The brokerage said policy measures to decontrol natural gas and crude oil prices, coupled with the absence of a windfall tax despite the ongoing energy shock, were positive surprises that could support valuation multiples across the sector.
Within the space, Morgan Stanley reiterated its preference for ONGC over Oil India, citing ONGC’s superior reserve replacement ratio, higher natural gas price realisations and faster monetisation of reserves.
Why Is Morgan Stanley ‘Overweight’ ONGC?
For ONGC, Morgan Stanley maintained its “Overweight” rating with a price target of ₹345, implying a potential upside of about 33% from Tuesday’s closing price of ₹259.55.
The brokerage expects ONGC to deliver a 3% production CAGR between FY26 and FY29, driven largely by higher domestic gas output and a turnaround in profitability at its international operations.

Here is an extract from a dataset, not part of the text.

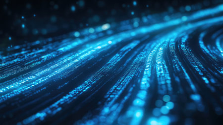 This mesmerizing image features flowing blue light waves with sparkling digital particles, set against a dark background, creating a captivating futuristic atmosphere.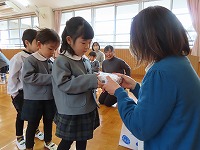 子ども達がお待ちかねの福引きをしました。福引きの色が発表される度に大喜びで、園長先生から景品をもらいました。

It also highlighted ONGC’s strong shareholder returns, noting that the company has paid nearly $33 billion in dividends over the last two decades, roughly equivalent to its current market capitalisation.
Morgan Stanley expects ONGC’s dividend payouts over the next 20 years of reserve life to be twice the historical rate, supported by a projected earnings CAGR of 14%.

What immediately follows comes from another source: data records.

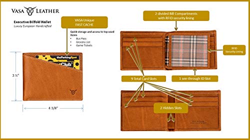 More information about Vasa Cognac Horizontal Top Grain Leather Wallets For Men - European Luxury Minimalist Bifold Wallet with RFID and NFC Blocking Credit Card Holder - Premium Mens Slim Bi Fold Pocket Wallet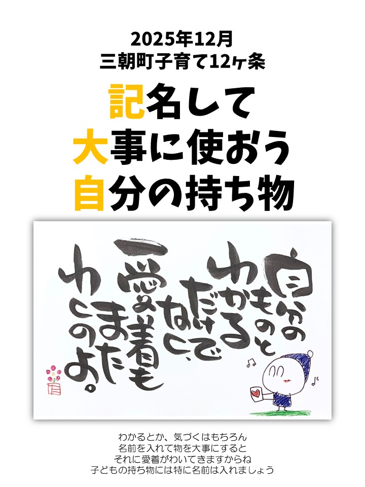 三朝町の子ども達の健やかな成長のために家庭や地域でできること、子育ての中で意識してもらいたいことを「三朝町子育て12か条」としてまとめました。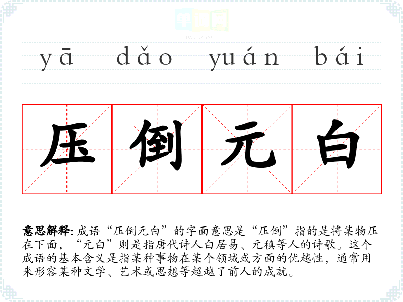 成语“压倒元白”的字面意思是“压倒”指的是将某物压在下面,“元白”则是指唐代诗人白居易、元稹等人的诗歌。这个成语的基本含义是指某种事物在某个领域或方面的优越性,通常用来形容某种文学、艺术或思想等超越了前人的成就。

According to Bloomberg data, 20 out of the 31 analysts tracking ONGC have a “buy” rating on the stock, six have a “hold” and five have a “sell” rating on the stock.
Why Morgan Stanley downgraded Oil India?
In contrast, Morgan Stanley has downgraded Oil India to “Underweight” from its earlier “Overweight” rating and cut its target price to ₹404 from ₹566, implying a downside of about 15% from Tuesday’s closing price of ₹476.
Morgan Stanley cited delayed increases in natural gas selling prices, weaker refinery margins until fuel retailers recover losses, potential diesel discounts as India moves into a diesel surplus by the second half of 2027, and slower domestic production growth as key reasons for the downgrade.
The brokerage also warned of a further 6% – 7% downside risk to consensus earnings estimates as oil prices normalise once tensions in the Middle East ease.
Among the 22 analysts that track Oil India, 15 have a “buy” rating, six say “hold”, and one has a “sell” recommendation.
Shares of ONGC are down 8% in the last one month, while those of Oil India are up 4.4% so far during the same period.